Subjacente a tudo isto, está a idealização de uma democracia deliberativa, constituída por um conjunto de normativas que implicam a participação civil naquilo que é a regulação da vida social. A teoria proposta por Habermas assenta num modelo two-track, em que o poder comunicativo advém do público a partir das eleições, de debates e de referendos, sendo um emissor comunicacional nas esferas públicas. Esse conteúdo emitido deve ser transformado para uma linguagem sistémica, que ajuda a formatar aquilo que o Estado legisla e executa. Este é um modelo de emancipação e de comportamento institucional e pessoal perante os interesses racionais daqueles que, legitimamente, constituem uma sociedade.

Por fim, a Teoria Crítica

Após passar pelo pensamento mais ou menos individualizado dos cinco filósofos da Escola de Frankfurt, surge a Teoria Crítica, aquilo que faz este grupo convergir na discussão da sociedade e da cultural através de um olhar sustentado nas ciências sociais e nas humanidades. Para Horkheimer, a Teoria surge como um “emancipador dos seres humanos, em relação às circunstâncias que os escravizam”, tendo começado a ser idealizada nos anos 30, influenciados pelos préstimos de Marx e de Freud, mas também pelos do húngaro Lukács e do italiano Gramsci. Fazendo a ponte entre o idealismo alemão e o pragmatismo americano, a Teoria Crítica procura analisar a base e superestrutura sociais propostas na ideologia marxista, desmontando-se numa observação crítica de uma sociedade em metamorfose. Mesmo sendo normativa e valorativa, esta visão preocupa-se com a mudança, com uma atitude ativa em relação ao seu objeto de estudo.

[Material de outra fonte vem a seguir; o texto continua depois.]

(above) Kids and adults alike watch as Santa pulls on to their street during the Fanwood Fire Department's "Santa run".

A Teoria Crítica direciona-se a toda à sociedade, nas suas especificidades históricas, procurando a evolução do entendimento da sociedade numa visão interdisciplinar entre as diversas ciências sociais, nas quais se incluem a geografia, a economia, a sociologia, a história, a ciência política, a antropologia e a psicologia. O adjetivo “crítica” deriva da filosofia kantiana e do conceito marxista descrito n’”O Capital”, onde aborda a crítica da economia política. Ao olhar de Kant, traz o examinar e o estabelecer dos limites da validade de um dado elemento, numa crítica direcionada aos dogmas teológicos e metafísicos, assim como à superstição e às entidades de autoridade subsequentes. Essa autoridade sempre se tornou num elo que ligou a discussão crítica do pensamento e da sociedade, orientando as forças e as relações de produção, a serem problematizadas no seu entendimento de dominação.

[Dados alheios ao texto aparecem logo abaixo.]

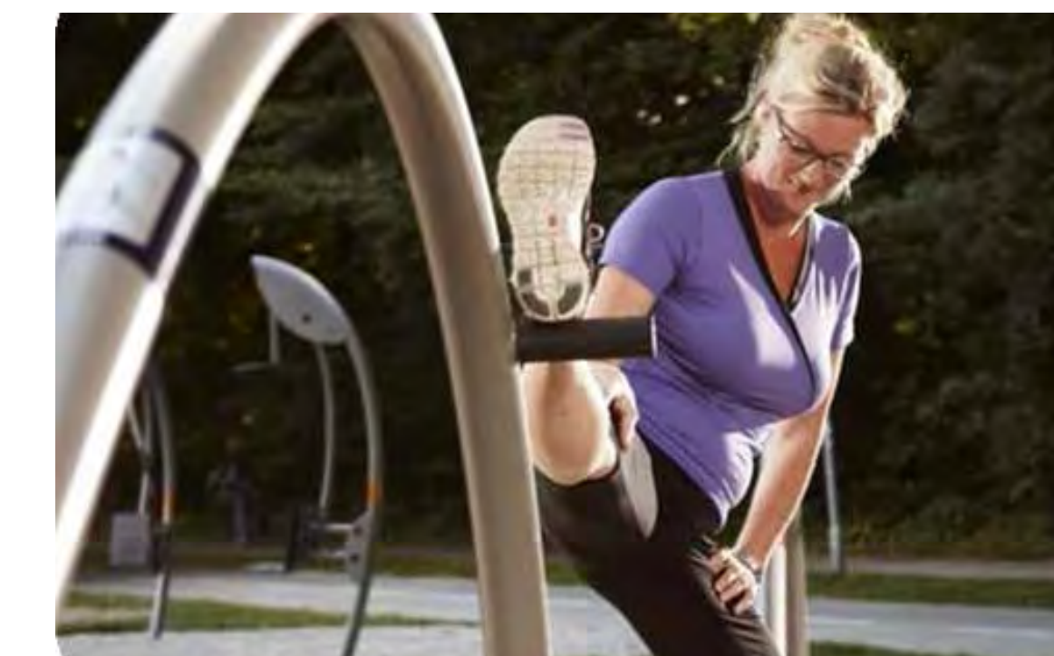
3. Stretch & Sit-ups

Nos últimos préstimos da Teoria Crítica, que tanto influenciou os pós-estruturalistas e pós-modernistas, como Michel Foucault, Gilles Deleuze ou Jacques Derrida, Jurgen Habermas, em “Knowledge and Human Interests” (1968), discute o conhecimento crítico. Este baseia-se em princípios de autorreflexão e de emancipação, acompanhando a necessidade de reconduzir a análise das ligações entre o conhecimento e os interesses humanos. Com a ciência a deter um cariz bastante ideológico e, como tal, uma relação de poder esclarecida, o alemão identifica a emergência da história e da hermenêutica, com a qual interpreta o mundo, e da qual a psicanálise é exemplo. Habermas assinala que o objetivo desta prática é o de tentar dissolver o nexo causal do mundo natural, ao invés de explicar o comportamento humano pelas suas causas naturais.

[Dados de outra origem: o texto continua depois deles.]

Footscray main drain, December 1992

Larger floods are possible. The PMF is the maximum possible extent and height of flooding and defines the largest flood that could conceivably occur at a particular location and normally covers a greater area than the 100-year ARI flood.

A Escola de Frankfurt transporta, como legado para as gerações subsequentes de pensadores e de ativistas sociais, uma perspetiva crítica e apetrechada das ideais marxistas, sem esquecer demais influências que acompanharam a evolução dos tempos. As insurreições do maio de 1968 inspiraram-se nas ideias de Theodor Adorno, assim como a formação da “New Left”, também esta protagonista desses protestos, nas teorias preconizadas por Max Horkheimer e Herbert Marcuse. O lastro que alcança a atualidade pronuncia a pujança de saberes e de pensares que marcou quase todas as ciências sociais, não só na sua abordagem crescentemente crítica, mas na sua integração e simbiose de atuação e de investigação. Estes seis nomes, protagonistas da filosofia e da sociologia no século XX, herdaram a ideologia de Marx e os contenciosos contextos de Hitler e Estaline, formulando e consagrando uma crítica salutar a um ser humano destinado a pensar, a criticar e, em sociedade, a lutar.